[[ Material provided, beginning ]]

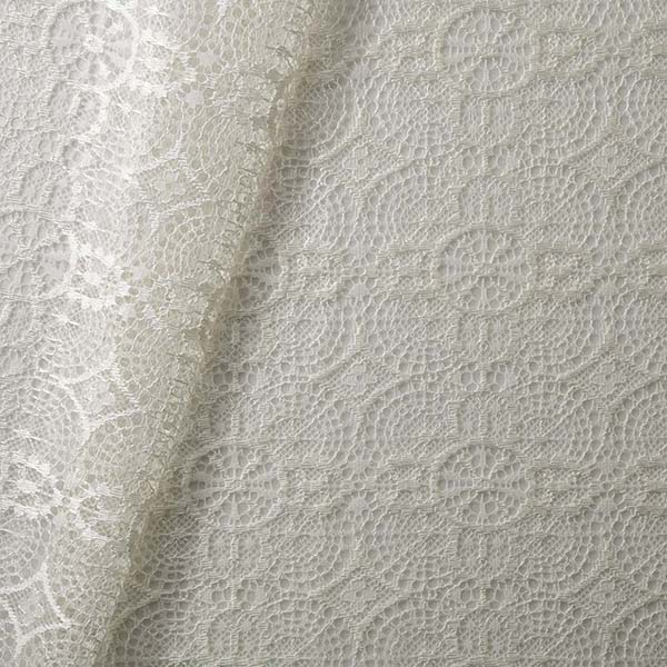 粗い編目とボリュームが特徴の懐かしさを感じるトーション風(ヨーロッパの貴族の間で袖や襟飾りに使われた)レースです。花文様のデザインが華やかさをプラスしています。窓から注ぐ光を受けた柔らかな影を楽しむことができます。
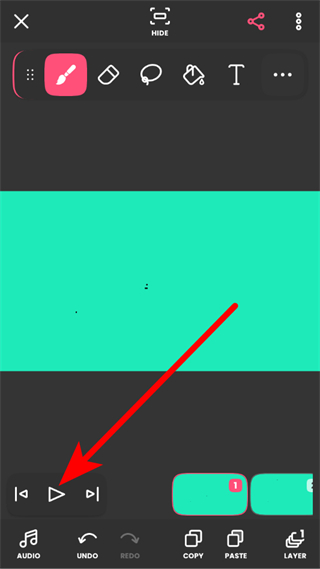4、通过逐帧绘制画面,点击底部播放按钮预览动画效果,不断调整完善,即可完成FlipaClip的动画制作。
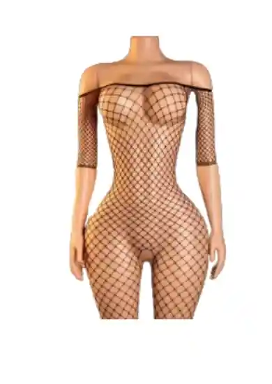🔲 Malla con transparencia total y diseño geométrico 🎀 Escote profundo con abertura frontal 🧵 Tela elástica que se adapta al cuerpo 💃 Ideal para sesiones fotográficas, noches especiales o looks de impacto Una pieza que grita poder, actitud y deseo en cada pose ✨
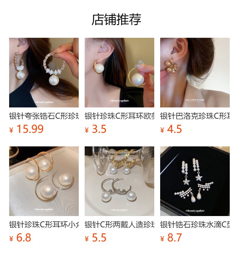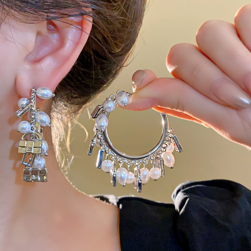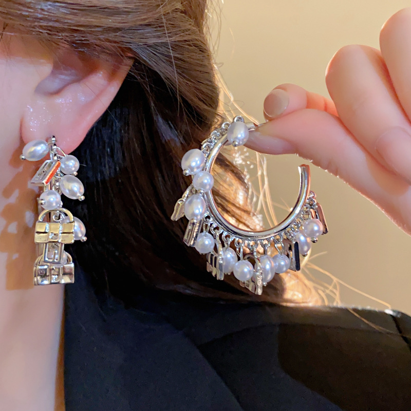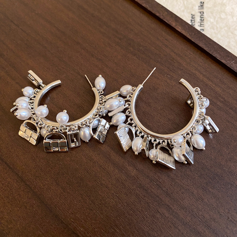 Aguja de plata Bolso en forma de C exagerado europeo y americano Pendientes de perlas Pendientes de moda retro Lujo ligero Pendientes de todo fósforo de alta gama Mujeres

[[ Material provided, end ]]

§ Work instruction
Give back the whole listing exactly, without pictures.

§ Task answer
 粗い編目とボリュームが特徴の懐かしさを感じるトーション風(ヨーロッパの貴族の間で袖や襟飾りに使われた)レースです。花文様のデザインが華やかさをプラスしています。窓から注ぐ光を受けた柔らかな影を楽しむことができます。
4、通过逐帧绘制画面,点击底部播放按钮预览动画效果,不断调整完善,即可完成FlipaClip的动画制作。
🔲 Malla con transparencia total y diseño geométrico 🎀 Escote profundo con abertura frontal 🧵 Tela elástica que se adapta al cuerpo 💃 Ideal para sesiones fotográficas, noches especiales o looks de impacto Una pieza que grita poder, actitud y deseo en cada pose ✨
 Aguja de plata Bolso en forma de C exagerado europeo y americano Pendientes de perlas Pendientes de moda retro Lujo ligero Pendientes de todo fósforo de alta gama Mujeres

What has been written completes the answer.